EFSA accepts bone health claim for calcium, vitamin D

The European Food Safety Authority (EFSA) has accepted a health claim linking calcium and vitamin D to bone health in older women, but said there is insufficient evidence to support the proposed dosage levels.

The disease-reduction claim application, made under article 14 of the European Union’s nutrition and health claims regulation, was submitted by Abtei Pharma Vertriebs, a GlaxoSmithKline company.

The dossier claimed that chewing tablets with calcium and vitamin D improves bone density in women over the age of 50, and may reduce the risk of osteoporotic fractures and hip fractures. The proposed dosages were 1000mg calcium and 800 IU vitamin D3.

EFSA agreed that submitted evidence demonstrated a cause and effect relationship between the supplementation with calcium alone or calcium and vitamin D with a reduction in the loss of bone mineral density (BMD) and the reduction in the risk of bone fractures in post-menopausal women.

However, it proposed a re-wording of the health claim, and also said that the information provided was insufficient to establish conditions of use for the claims.

The current opinion would apply to any calcium or vitamin D product with a similar composition, said EFSA.

Health relationship acknowledged

EFSA reviewed 53 publications cited by Abtei, including 43 randomized controlled trials (RCT) in humans and 10 meta-analyses of RCTs in which calcium, vitamin D or calcium in combination with vitamin D were used to prevent bone fracture and osteoporotic bone loss.

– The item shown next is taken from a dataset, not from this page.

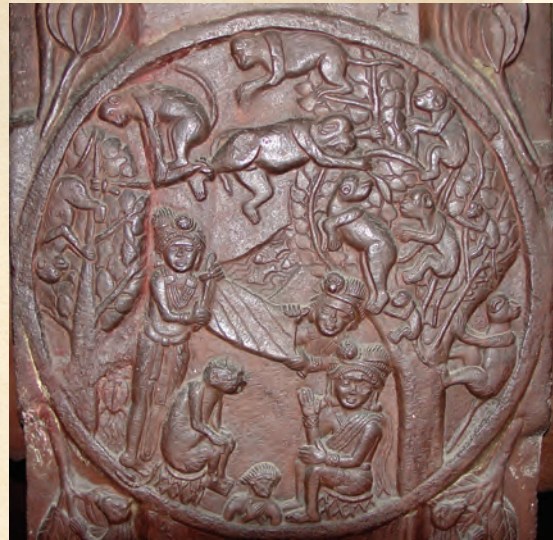
वानर-राज की कथा दर्शाने वाली पत्थर की कृति (चित्र – मध्यप्रदेश)

एक प्रसिद्ध कथा में, बुद्ध वानरों के एक बड़े समूह के राजा थे। वे एक विशालकाय वृक्ष के समीप रहते थे जिस पर मीठी सुगंध वाले और स्वादिष्ट फल लगे हुए थे। वानर-राज के आदेश के बावजूद कि उस वृक्ष का कोई भी फल किसी और के हाथ न लगे, एक दिन एक पका हुआ फल नीचे नदी में जा गिरा। पानी की धारा के साथ बहकर वह फल जाल में फँसा और उसे राजमहल ले जाया गया। राजा उस फल के स्वाद से इतना सम्मोहित हुए कि उन्होंने अपने सैनिकों से उस फल के वृक्ष को ढूँढ़ निकालने के लिए कहा।

Trials that studied calcium and vitamin D naturally present in the diet were excluded.

The meta-analyses “consistently” supported the benefits of calcium and vitamin D for bone health, said EFSA, but proposed new wording to better reflect the science. This reads:

“Calcium may reduce the loss of bone mineral in post-menopausal women. Low bone mineral density is a risk factor in the development of osteoporotic bone fractures” and “Calcium and vitamin D may reduce the loss of bone mineral in post-menopausal women. Low bone mineral density is a risk factor in the development of osteoporotic bone fractures”.

Dosage levels uncertain

However, EFSA’s Panel on Dietetic Products, Nutrition and Allergies said there was insufficient information provided to establish conditions of use for the claims.

“In the meta-analyses of the studies on the effect of calcium, alone supplementation with calcium was in the range of 500-1600 mg/d in addition to diet, while in the meta-analyses of the studies on the effect of calcium and vitamin D, combined supplementation with calcium and vitamin D was in the range of 200-1200 mg/d and 200 - 800 IU/d, respectively, in addition to diet,” it said.

“The Panel notes that in the evidence provided there is limited information about the dose-response relationship of calcium and vitamin D and BMD or osteoporotic fractures.”

EFSA said its opinion applies to all forms of calcium and vitamin D naturally occurring in foods and those forms authorised for addition to foods and for use in food supplements from all sources with appropriate bioavailability. EFSA’s opinion now passes to the EC.